Confused and worried...

Dear msX ~
I have a small dilemma. You see, my friend and I have been friends for about 7 years. She's a lot older than me... like she's 47 and I'm 17, a senior in High School. We're cool and we like to hang out a lot. She has only 2 sons and in the past she's called me the daughter she never had so, we've grown close through the years ( as you can imagine). But sometimes, unintentionally, she gets hooked on people and seems to me that she doesn't pay attention to me. In the past few years, I've watched her do this to others and I've been wondering you know, since we're supposedly so close, when is it my turn. I mean, I know she's not just my friend, but sometimes I feel as if she's putting me aside and is my friend only when she needs me. She has her little spurts when she's my friend and we're all cool and then sometimes it's the total opposite.
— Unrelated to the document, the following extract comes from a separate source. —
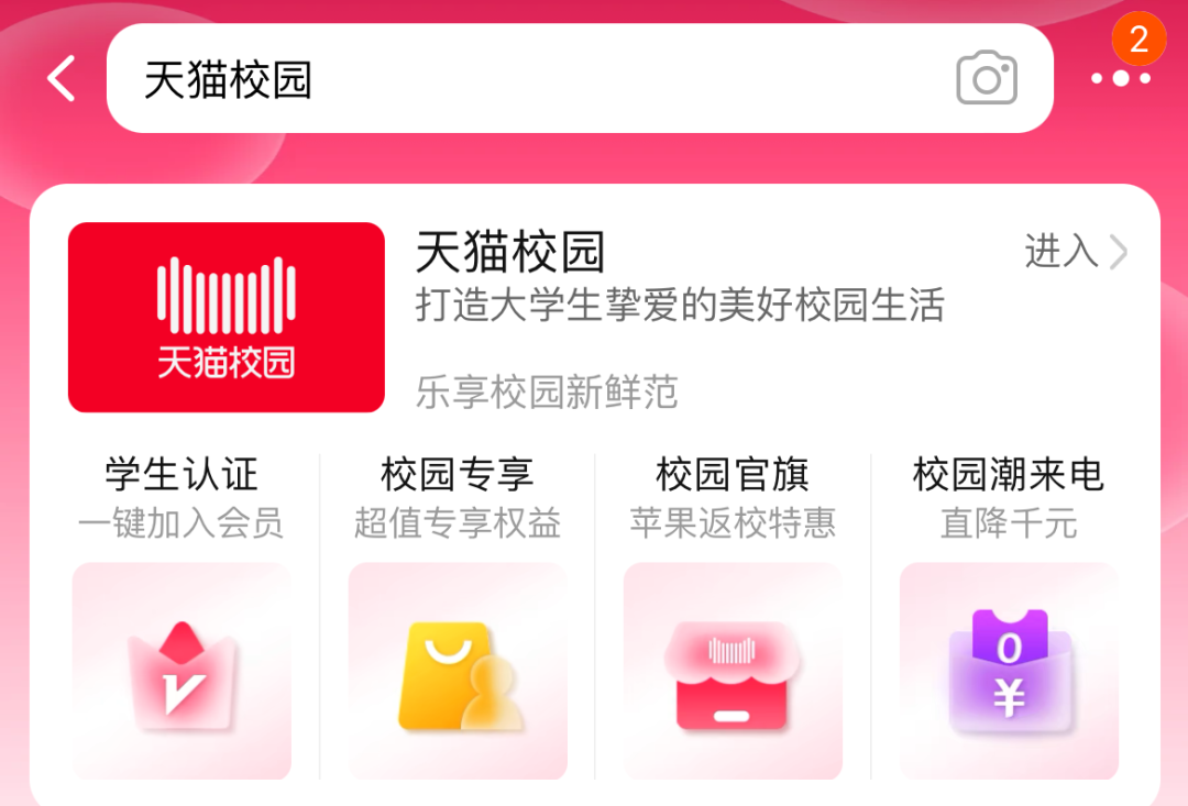 在淘宝APP搜索“天猫校园”,学生认证成功后,可享受部分商品学生价。

I know there's a bit of jealousy here, what should I do?

Dear Confused and Worried,
You have thirty years between you. Surely, while the two of you can be excellently compatible friends, it is unrealistic that you both wouldn't need to have some friends your own age. When friendships become exclusive and limit their contacts to just each other, then you have a dangerous situation. Go out with your own friends and don't begrudge her some adult companionship of her own. It is nice that you can get beyond the age thing, but let's be real.
ms. X


confused love

Dear msX ~
I'm having a little problem with my girlfriend who just lost her job recently and her parents been having a little problem with some medical bills and the way I was thinking was maybe I could get a job and begin helping her family but the problem is here and its the way she is taking it and she has been crying all night long and I tried to talk to her but for a man I know its maybe stupid to cry but listen I love her so much that she made me cry over the phone for her and I keep telling her not to worry about this and she keeps telling me she can't stop thinking about this or she can't stop crying and to be honest I don't know what to do and its really driving me crazy to the point that I wanted to sell my car and give them the money. Please tell me what to do and whatís right.

Dear Confused Love,

It is wonderful that you are so sensitive to your girlfriend's plight, but don't be a sucker. Unless your girlfriend is disabled, she should be out looking for a new job and not crying. Crying doesn't solve anyone's problems. These people are not your financial responsibility. You might offer to buy dinner here and there, or bring them a present that will help out, but don't start paying anyone's bills. Sell your car? No way. How will you feel if your relationship hits the skids in the future. Now maybe she's acting all this up, hoping you will volunteer to help. Do you need such a dependent woman? Or, those who look at the differences between men and women say that women tell men their problems, just wanting them to listen, while men feel as if they are expected to solve all problems thrown at them. Maybe she just wants to cry on your shoulder and you need to just sit still and listen.
ms. X



help

Dear msX ~
I love my boyfriend and he loves me. but when we kissed the other day I felt as if I could go all the way with him .I told him how I felt and he said he feels the same way .he said he doesn't want to lose his virginity till he is married .but he wouldn't mind losing it with me and I wouldn't mind losing it with him too. is this bad ? What should I do?
truly confused

Dear Help,
I don't think it is bad that you have these feelings, but I think you need to respect his wishes and not act on them. Sometimes a long and slow courtship breeds a stronger love than a flash-of-lightening-in-the-groin passion. Time will tell if you have the real thing. Be patient, there's a lot of distance between fourteen and married, one hopes.